The attack, which exploited a weakness in Cisco routers, targeted several Iranian internet service providers and cut off access for subscribers, Iranian media has reported. Other countries' internet services were also affected.

Cisco had earlier issued a warning and provided a patch that some firms had failed to install over the Iranian new year holiday on March 20. Cisco did not immediately respond to requests for comment.

A blog published on Thursday by Nick Biasini, a threat researcher at Cisco's Talos Security Intelligence and Research Group, said: "Several incidents in multiple countries, including some specifically targeting critical infrastructure, have involved the misuse of the Smart Install protocol...

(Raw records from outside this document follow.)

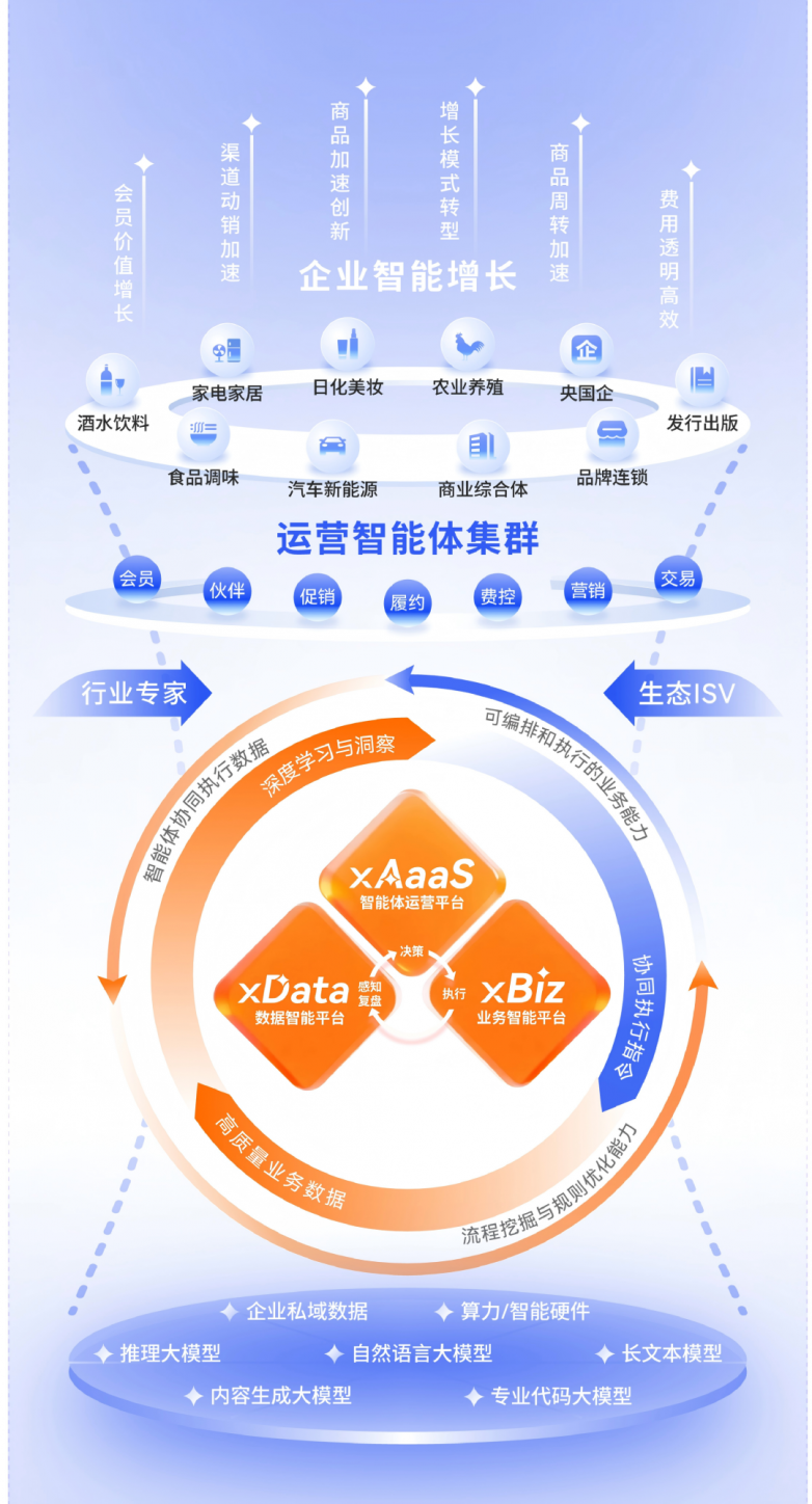 云徙科技xGOS.AI企业运营超级智能体,它的目标不是提供一个更强大的单点工具,而是为企业交付一个可自主或半自主驱动业务的“数智运营团队”,即承载AI作为“业务主体”的新型运营基座。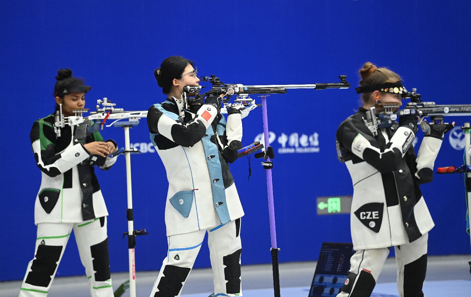 图为当日,第31届世界大学生夏季运动会女子50米步枪三种姿势决赛在四川成都举行,中国选手王泽儒(中)获得铜牌。(图片来源:中新社)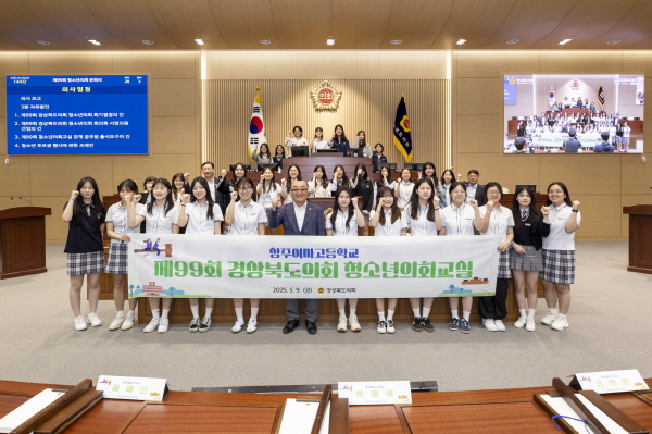 (경북=NSP통신) 조인호 기자 = 경상북도의회는 9일 도의회 본회의장에서 상주여자고등학생 28명이 참여한 가운데 ‘제99회 경상북도의회 청소년의회교실’을 개최했다.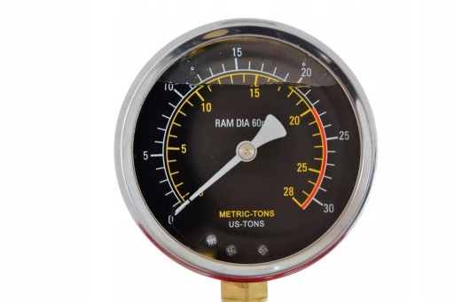 Manometr ciśnieniowy wyskalowany w tonach wypełniony glikolem.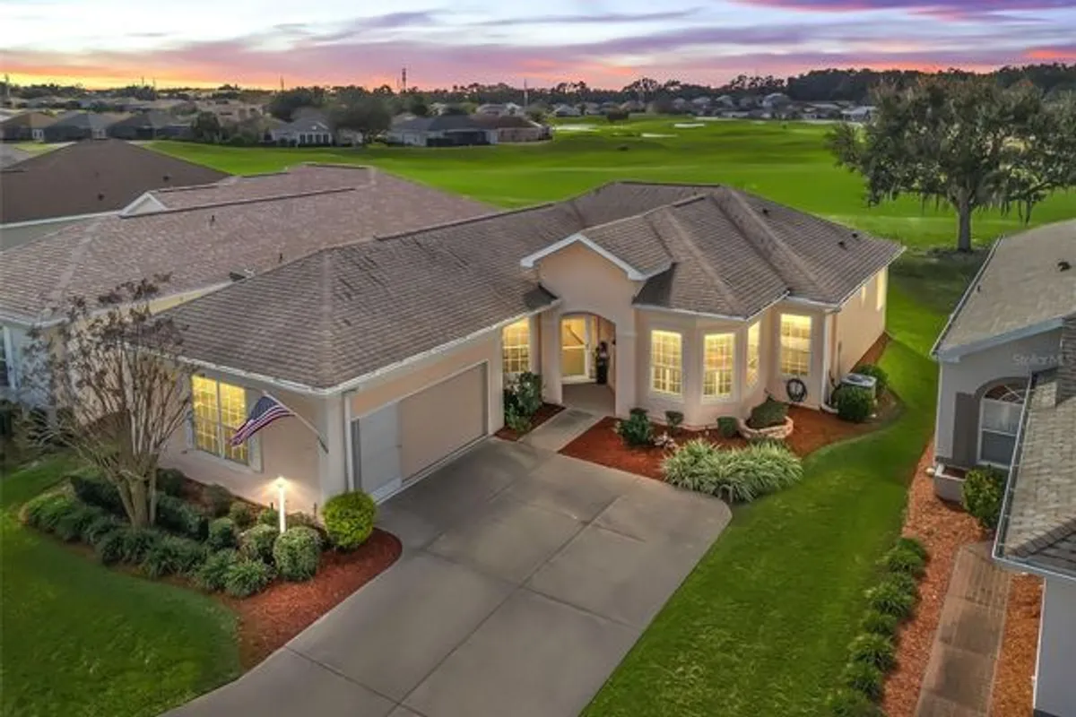 VILLA PEOPERTY-NO YARD WORK! Dreams do come true—if you act fast! This exceptional golf-course-front villa-style single-family home checks every box from the start. ON THE 9TH FAIRWAY...WALK TO CLUBHOUSE! Views of the golf course from all the common areas in the home!!! Enjoy low-maintenance living with a limited landscape package included in the HOA fee of $288 per month. Major updates provide peace of mind, including all-new stainless steel electric kitchen appliances (2026), Hot water heater 2024, new HVAC (2022), and a new roof (2020). A 2017 Yamaha 4-seat gas golf cart with a quiet ride was fully reconditioned in 2023 and is included. The 2-car garage features: 2024 shark coating floor application, wall-mounted storage cabinets, sliding screen doors, and attic storage. The home has been meticulously prepared for its next owner with fresh landscaping, professionally cleaned tile throughout, and sparkling clean windows. Inside, TALL CEILINGS THROUGHOUT, NEW CARPET in both bedrooms (2023), the spacious primary suite offers a walk-in shower, split vanities, and a relaxing Jacuzzi soaking tub. The thoughtfully designed floor plan includes two bedrooms, a den/office, formal dining room, breakfast nook, and breakfast bar. The kitchen boasts tall cabinets and Corian countertops. And the showstopper—a 16'x16' Glass Enclosed Florida room, LISTED AS PART OF THE SF, BUT NOT UNDER HEAT AND AIR,overlooking the golf course, perfect for morning coffee, evening relaxation, or entertaining while enjoying serene views. A must-see property that truly delivers comfort, convenience, and lifestyle. Today could be the BEST DAY OF THE REST OF YOUR LIFE! If you're searching for a home in a private, gated, golf community, look no further—you've found your dream lifestyle at Stonecrest. Nestled in the heart of Central Florida, Stonecrest is a deed-restricted, active 55+ golf community that offers the perfect blend of luxury, convenience, and recreation. Imagine waking up every morning in a community designed for those who cherish an active lifestyle, where golf cart access takes you to nearby shopping and more. At Stonecrest, you'll have access to an array of amenities, including 26 clubs,67 activities, four community pools, one of which is a serene indoor pool—along with a spa and a fully equipped fitness center. Whether you're looking to stay fit, relax, or meet new friends, you'll find it all here. With clubs to join, you'll never run out of opportunities to explore your passions and hobbies. The clubhouse is a hub of social activity, featuring a popular, casual dining restaurant where you can enjoy great food and even better company. For the golf enthusiast, Stonecrest boasts 18 holes of championship golf, providing a challenging and scenic experience. The fun doesn’t stop there—enjoy lighted pickleball courts, softball, and so much more. Welcome to Stonecrest.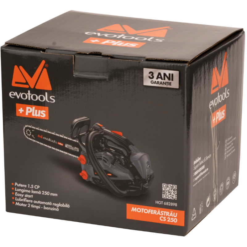 Motoferăstrău cu Benzină EvoTools Plus CS 250, Motor 2 Timpi 1,5 CP, Lamă 250 mm, Lubrifiere Automată, Frână de Lanț

"As a result, we are taking an active stance, and are urging customers, again, of the elevated risk and available remediation paths."

Azari-Jahromi posted a picture of a computer screen on Twitter with the image of the US flag and the hackers' message. He said it was not yet clear who had carried out the attack.

Azari-Jahromi said the attack mainly affected Europe, India and the United States, state television reported.

"Some 55,000 devices were affected in the United States and 14,000 in China, and Iran's share of affected devices was 2 percent," Azari-Jahromi was quoted as saying.

In a tweet, Azari-Jahromi said the state computer emergency response body MAHER had shown "weaknesses in providing information to (affected) companies" after the attack which was detected late on Friday in Iran.

Hadi Sajadi, deputy head of the state-run Information Technology Organization of Iran, said the attack was neutralized within hours and no data was lost.